Every handwashing sink in your facility must be accessible without entering a diapering or food preparation area. Public Health Ontario specifies that sinks used for handwashing must not double as utility sinks used for mop water or equipment rinsing.

You should position alcohol-based hand rub (ABHR) dispensers at entry points, near exit doors, and at transition zones between activities. ABHR must not be used as a substitute for soap and water when hands are visibly soiled or after diapering.

Teaching and Supervising Hand Hygiene in Children

Children aged two and older can be actively taught proper handwashing technique. Supervised handwashing before meals, after outdoor play, and after toileting significantly reduces fecal-oral transmission within daycare cohorts.

Staff must wash their own hands at every critical moment, including after diapering, before food service, after handling soiled laundry, and after any contact with bodily fluids. This routine is non-negotiable regardless of glove use.

Your infection prevention guide for healthcare workers covers the rationale behind contact moment mapping, which applies directly to childcare environments.

The rigour of your hand hygiene program feeds directly into how well your cleaning and disinfection protocols perform.

Environmental Cleaning and Disinfection Standards

Cleaning Frequency Requirements by Zone

Public Health Ontario distinguishes between cleaning (removal of visible soil), disinfection (pathogen kill using approved products), and sterilization. In childcare settings, sterilization is rarely required, but appropriate disinfection absolutely is.

High-touch surfaces including light switches, door handles, crib rails, and tabletops used for meals or crafts must be cleaned and disinfected at least once daily and immediately following visible contamination.

Toys that are mouthed by children must be removed from circulation and cleaned before being returned. Plastic toys can typically be washed in a dishwasher or sanitized using a diluted bleach solution following PHO-approved concentration guidelines.

Approved Disinfectants and Contact Time Compliance

Using a Health Canada-approved disinfectant is not enough on its own. Contact time, the duration the product must remain visibly wet on a surface to achieve its kill claim, must be observed and respected.

Many daycare staff unknowingly wipe surfaces dry immediately after applying disinfectant, neutralizing the product’s effectiveness.
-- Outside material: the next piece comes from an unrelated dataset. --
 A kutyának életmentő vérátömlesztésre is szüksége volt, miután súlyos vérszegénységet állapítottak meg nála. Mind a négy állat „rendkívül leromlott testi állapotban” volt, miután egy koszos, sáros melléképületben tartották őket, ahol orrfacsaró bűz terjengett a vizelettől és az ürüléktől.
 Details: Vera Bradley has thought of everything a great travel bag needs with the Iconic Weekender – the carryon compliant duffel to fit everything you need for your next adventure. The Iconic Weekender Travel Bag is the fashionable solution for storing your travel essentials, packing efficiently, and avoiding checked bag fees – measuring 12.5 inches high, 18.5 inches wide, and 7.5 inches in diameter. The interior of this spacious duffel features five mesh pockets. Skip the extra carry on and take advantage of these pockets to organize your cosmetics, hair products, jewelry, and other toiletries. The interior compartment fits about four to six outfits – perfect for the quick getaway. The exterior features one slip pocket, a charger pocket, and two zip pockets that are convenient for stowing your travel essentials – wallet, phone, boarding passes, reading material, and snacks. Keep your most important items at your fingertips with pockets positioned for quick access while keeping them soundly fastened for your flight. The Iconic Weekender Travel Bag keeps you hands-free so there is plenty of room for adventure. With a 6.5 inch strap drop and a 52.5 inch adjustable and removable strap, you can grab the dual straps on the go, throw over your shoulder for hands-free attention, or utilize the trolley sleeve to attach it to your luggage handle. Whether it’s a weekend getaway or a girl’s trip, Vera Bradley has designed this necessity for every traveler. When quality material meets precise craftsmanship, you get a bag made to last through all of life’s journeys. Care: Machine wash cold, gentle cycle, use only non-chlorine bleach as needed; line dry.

Your cleaning protocols must include written contact time instructions specific to each product used.

The guide to cleaning, disinfecting, and sterilizing from Infection Shield provides a practical breakdown of these distinctions that your cleaning staff can reference directly.

Proper surface management sets the stage for reducing risk in the highest-contact zones of your facility, particularly diapering and toileting areas.
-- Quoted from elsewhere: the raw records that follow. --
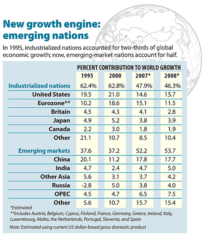 And if the emerging markets do keep growing during a developed-world slump, economists note, they could at least cushion the blow for others. They will continue to import the industrial machinery that US and other advanced nations make and will still have an appetite for raw materials such as oil and minerals from the Middle East, Africa, and Latin America.
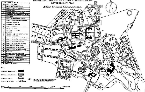 This plan is drawn with the eye of imagination. A development plan was proposed with an amazing range of new buildings, few of which appeared or as drawn. The Library is prominent in the centre with its curved frontage. The Students' Union is small and peripheral to the many grandiose teaching buildings. The high number of staff houses reflects the original ideal that all staff, as well as students, were expected to reside on campus as a community of scholars. The early concept of a quadrangle, similar to an Oxbridge College or an American Liberal Arts College, which began with the early construction of the Tawney and Walter Moberly Buildings (Conference Hall) has been abandoned.
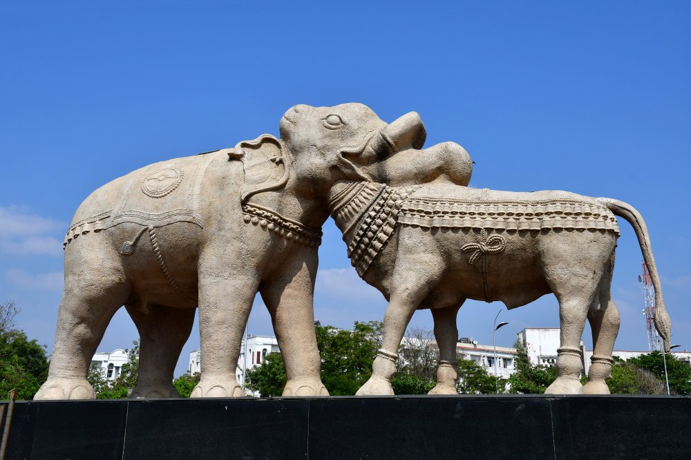 Sculpture moderne d'une représentation classique dans les temples hindous. Selon la façon dont on la regarde on voit la tête de l'éléphant ou la tête de la vache.
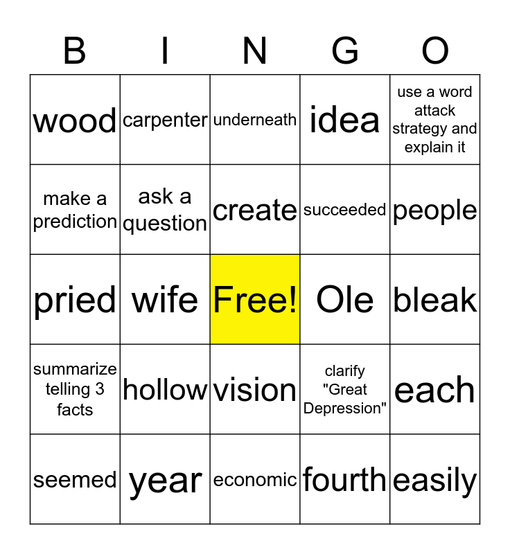 This bingo card has a free space and 24 words: hollow, year, create, seemed, use a word attack strategy and explain it, wood, make a prediction, carpenter, Ole, vision, succeeded, pried, clarify "Great Depression", each, ask a question, fourth, bleak, underneath, people, wife, easily, summarize telling 3 facts, idea and economic.
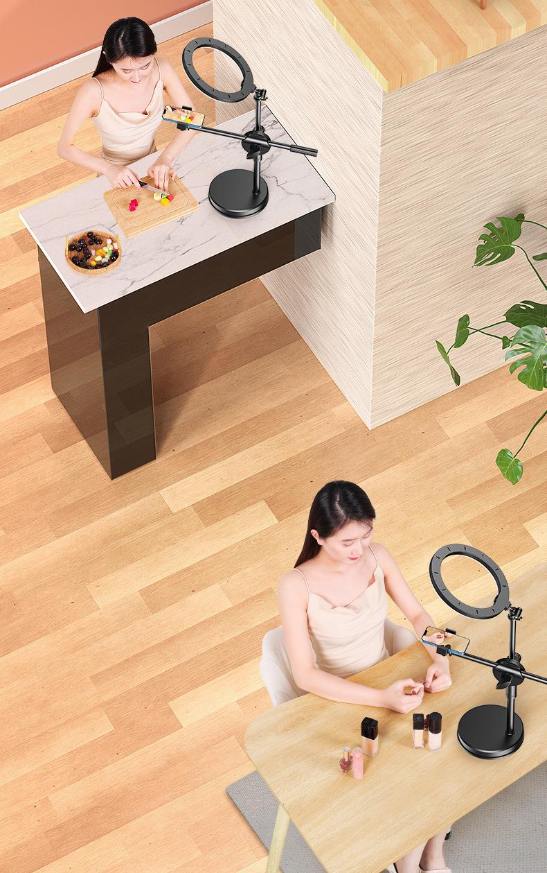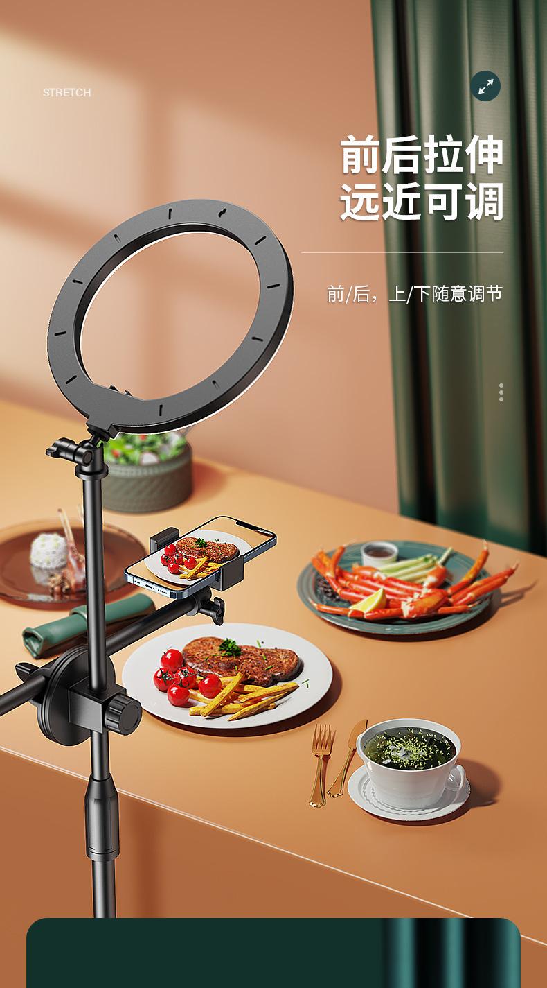Soporte para transmisión en vivo de TikTok Soporte para teléfono móvil de escritorio elevación multifunción soporte con luz de relleno giratorio grabación vertical soporte para transmisión en vivo
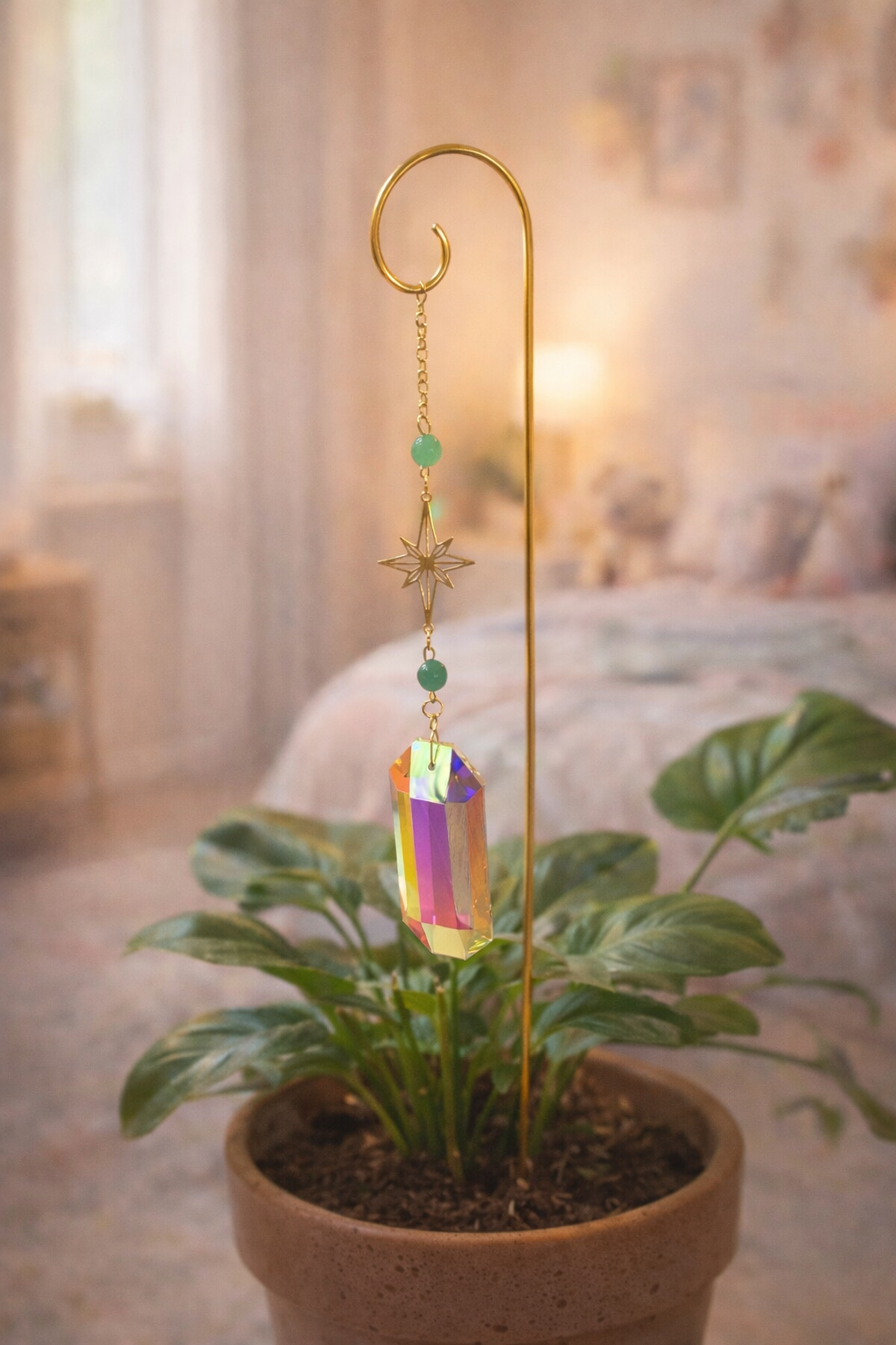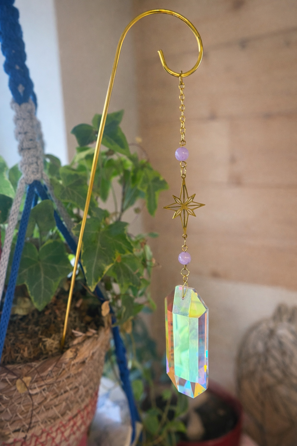 Au fil de la lumière, ses cristaux captent les rayons du soleil et les transforment en une pluie de reflets lumineux, créant une atmosphère douce, chaleureuse et réconfortante.
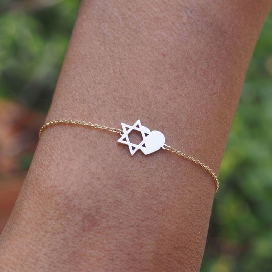 Modern Heritage: 14k Gold Jewish Star & Heart Bracelet | Minimalist Magen David Identity Piece

Diapering and Toileting: High-Risk Zone Protocols

Diaper-Changing Station Requirements

Every diaper-changing station must be positioned away from food preparation and feeding areas, with a minimum physical separation or barrier that prevents cross-contamination.

Stations must have non-porous, easily cleanable surfaces and must be disinfected between each use with an approved product applied for its full contact time. A lined waste receptacle for soiled diapers must be within arm’s reach but not accessible to children.

Gloves must be worn during diapering. Hands must be washed after glove removal even when the gloves appeared intact. Studies have demonstrated that gloves reduce but do not eliminate hand contamination during diapering procedures.

Potty Training and Toileting Supervision

Potty seats used in toilet training must be emptied into a toilet, rinsed, and disinfected after each use. Children must be supervised in handwashing following every toileting event.

Staff must never handle food items immediately after assisting a child with toileting without completing a full handwash. The physical flow of your facility should make this sequence the path of least resistance, not an inconvenient detour.

PHO highlighted that improper toileting hygiene is among the top transmission pathways for norovirus and rotavirus outbreaks in group childcare settings.

The risk in diapering and toileting zones connects directly to food safety, making the two domains inseparable in your IPAC planning.

Food Safety Intersections with IPAC in Childcare

Separation of Food Preparation from High-Risk Zones

Food handling areas must maintain clear separation from zones where bodily fluids are managed. This is a physical layout requirement, not just a behavioural one. Staff assigned to diapering duties during a shift must not transition directly to food service without a full handwash and, where possible, a change of outer clothing or apron.

Refrigeration, food storage, and serving surfaces must be included in your daily cleaning schedule. Cross-contamination between raw food items and ready-to-eat foods in the same refrigerator remains a documented source of illness in group settings.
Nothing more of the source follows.